As you explore the southern end of the Appalachian Mountains, you’ll come upon many waterfalls. Perhaps none is more impressive, or easier to access, than Amicalola Falls.
Amicalola Falls State Park is located on Georgia Rte. 52, about a 90 minute drive north of Atlanta. From Atlanta, take I-75 north to I-575. When the freeway ends, continue north on Rte. 5. At Talking Rock, turn right on Rte. 136. When you reach Rte. 183, turn left, then right on Rte. 52. There will be signs all along the way, so it’s not as complicated as it sounds.
Amicalola Falls is the highest cascading waterfall east of the Mississippi River. From the top, a tiny stream tumbles 729 feet over the mountainside.
Amicalola Falls is easily accessible, in the sense that there’s a nice, two lane paved road that leads to a large parking lot, not far from the bottom of the falls. But to really appreciate the most beautiful portion of the cascade, you’re going to have to climb some stairs.
Starting from the parking lot, you’ll climb a mildly-steep, handicapped-accessible slant to the lowest viewpoint. Here, you’ll have an up-close view of some smaller cascades (like the one above), and a partial view of the best part of the falls, high on the mountainside.
If you’re capable of climbing the 175 stairs that lead to this next viewpoint, I strongly suggest you do it.

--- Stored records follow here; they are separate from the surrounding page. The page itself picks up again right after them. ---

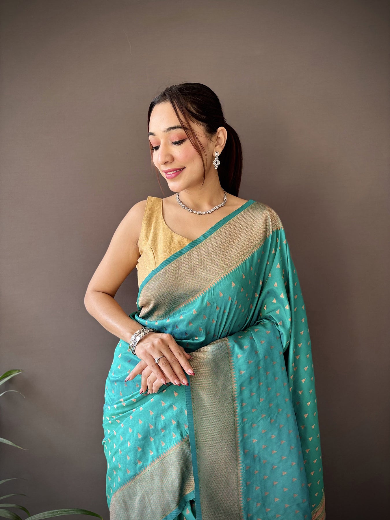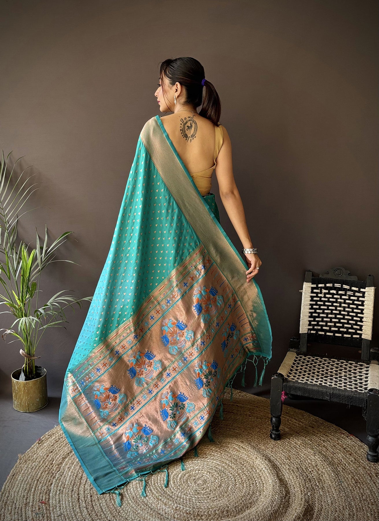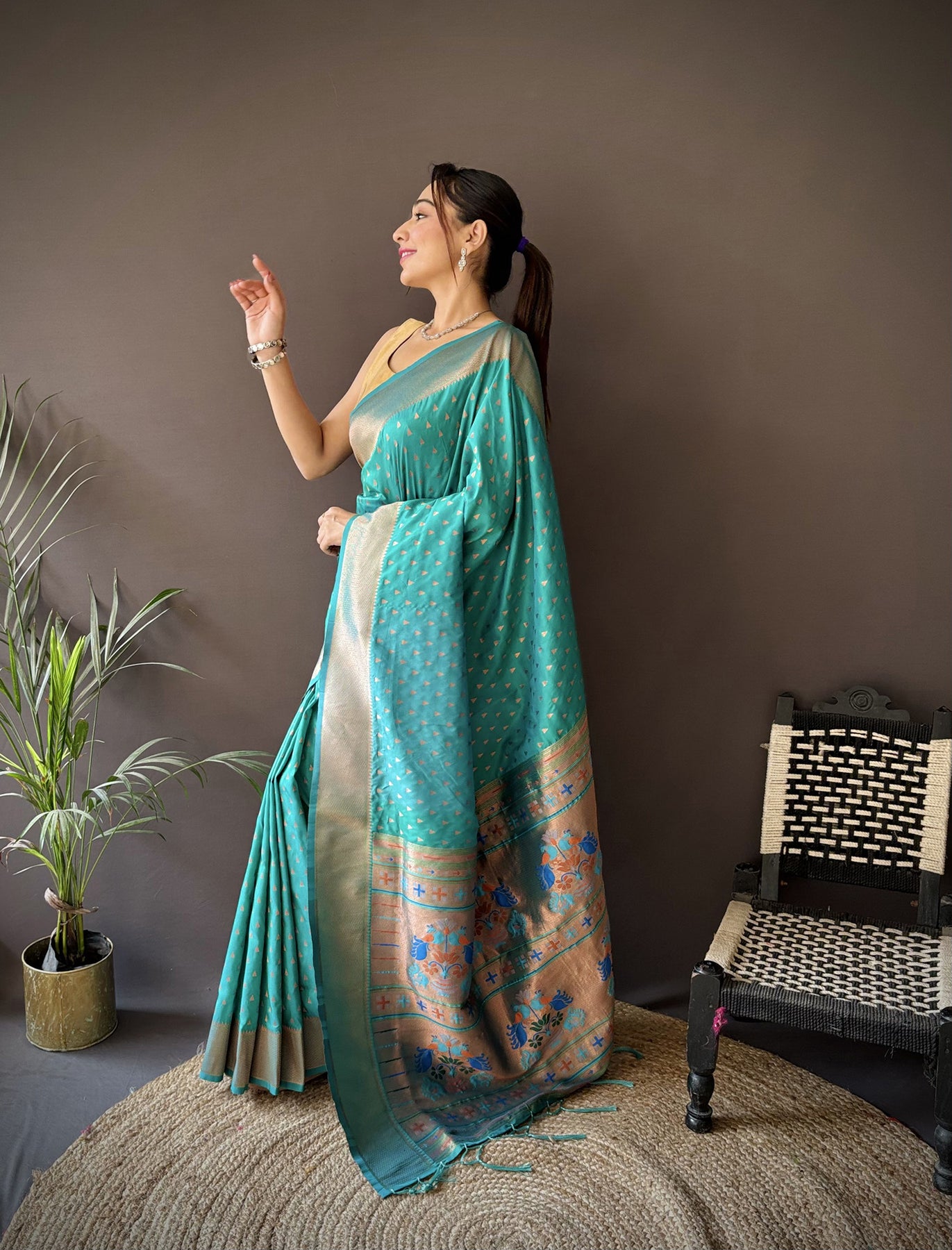 Teal Green Soft Lichi Silk Jacquard Butti Zari Weaving Paithani Saree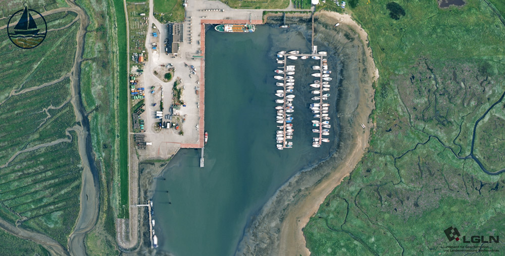 Kleiner gemütlicher Hafen des Nordsee-Yacht-Clubs Neßmersiel, der 3h vor und nach HW für Schiffe bis 10m Länge, 3m Breite und 1,20m Tiefgang zu erreichen ist.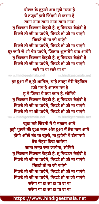 Lyrics of Tu Bichdan Bichdan Kahndi Hai - तू बिछडन बिछडन केहंदी है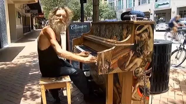 当时,在佛罗里达一家乐器店门口,摆着一架钢琴,来往市民可以随意弹唱。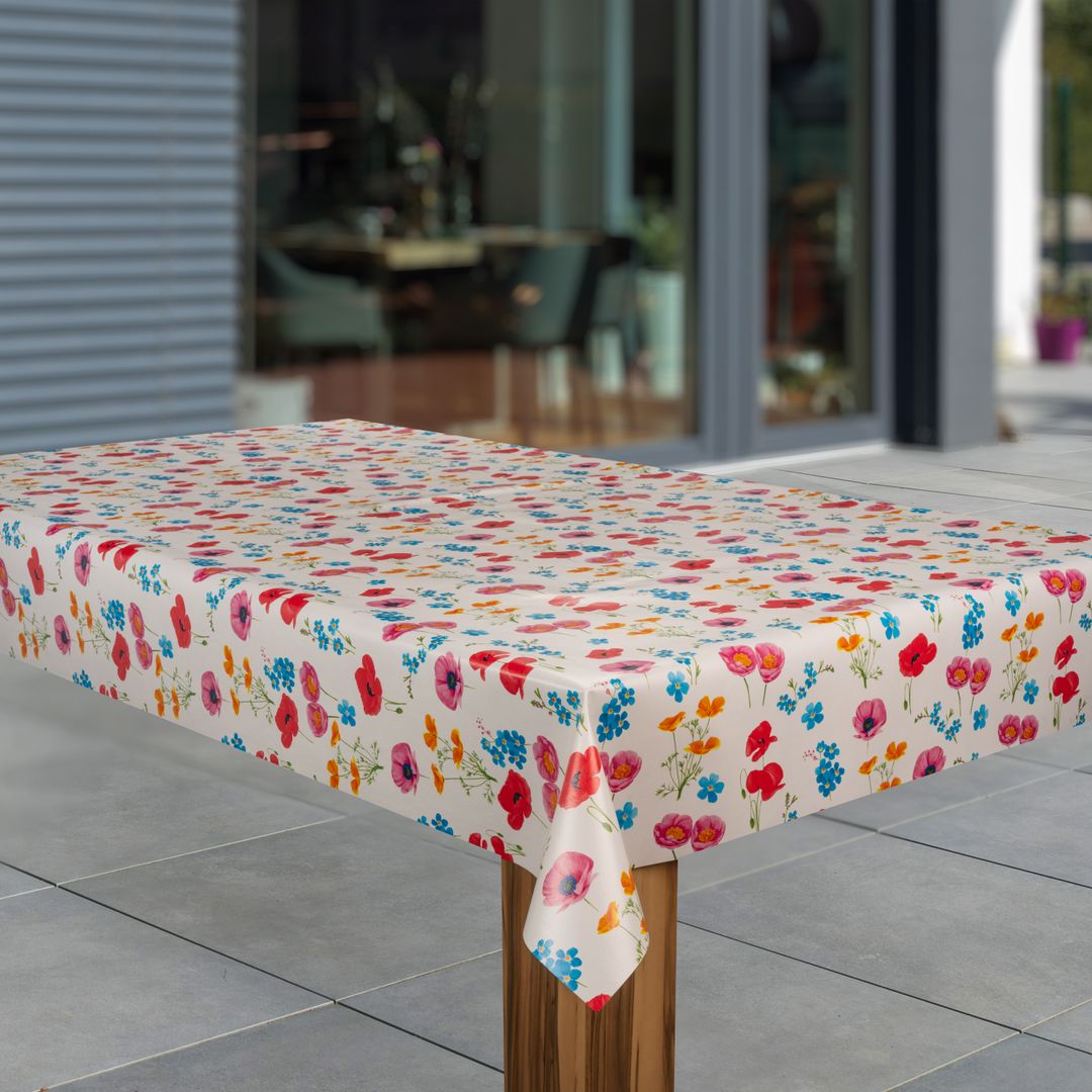 Wachstuch-Tischdecken Blumen rot blau weiß rechteckig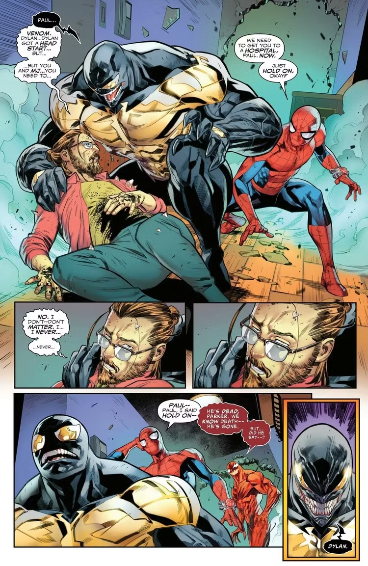 Человек-паук и Эм-Джей в облике Венома становятся свидетелями гибели Пола. Фактически он помирает на её руках. А потом ещё и Карнаж сообщает, что он окончательно погиб. Само собой, в комиксах никто не умирает. Только вот в чём штука: издательству нет никого смысла возвращать его обратно. Толку от него особо не было, а сейчас, когда Мэри стала Веномом и подавно. Забавно, что его укокошили даже не в основной серии про Паука. Всё это происходит в рамках очередной большой сюжетной арки «Смертельная спираль», связанной с симбиотами. Как мы видим, Marvel исправляет всю ту фигню, что успел наворотить Уэллс.

The staircase may leave you out of breath, but the view from the bridge, just below the cascade, is equally breathtaking.

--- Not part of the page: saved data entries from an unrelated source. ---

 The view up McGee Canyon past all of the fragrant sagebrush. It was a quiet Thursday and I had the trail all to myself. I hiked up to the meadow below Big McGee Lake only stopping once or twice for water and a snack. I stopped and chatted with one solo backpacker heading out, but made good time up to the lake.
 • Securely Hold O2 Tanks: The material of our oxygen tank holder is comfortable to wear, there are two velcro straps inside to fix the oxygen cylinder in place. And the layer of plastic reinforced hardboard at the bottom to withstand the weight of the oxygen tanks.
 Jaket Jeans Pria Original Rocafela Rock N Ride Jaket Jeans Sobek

There aren’t many different ways to take a picture of this portion of the falls, since you’re forbidden from leaving the path, but the right end of the bridge will provide a nice place for a shot.
If 175 steps weren’t enough of a challenge, how about 425 more? I decided to tackle this strenuous string of staircases, not knowing at the time that there was a road that led to the top. Of course, the fact that there is a lodge at the top should have been my first clue that there was an alternative to the stairs.
425 steps later (or a couple of miles of driving), and this is where you end up. Stand for a moment at the very top of the falls and watch as the tiny creek takes its plunge over the southern edge of the Appalachian Mountains.
Since I climbed my way to the top, instead of taking the road, I had to go back the same way I came. Going down stairs should be easier than going up, but it isn’t.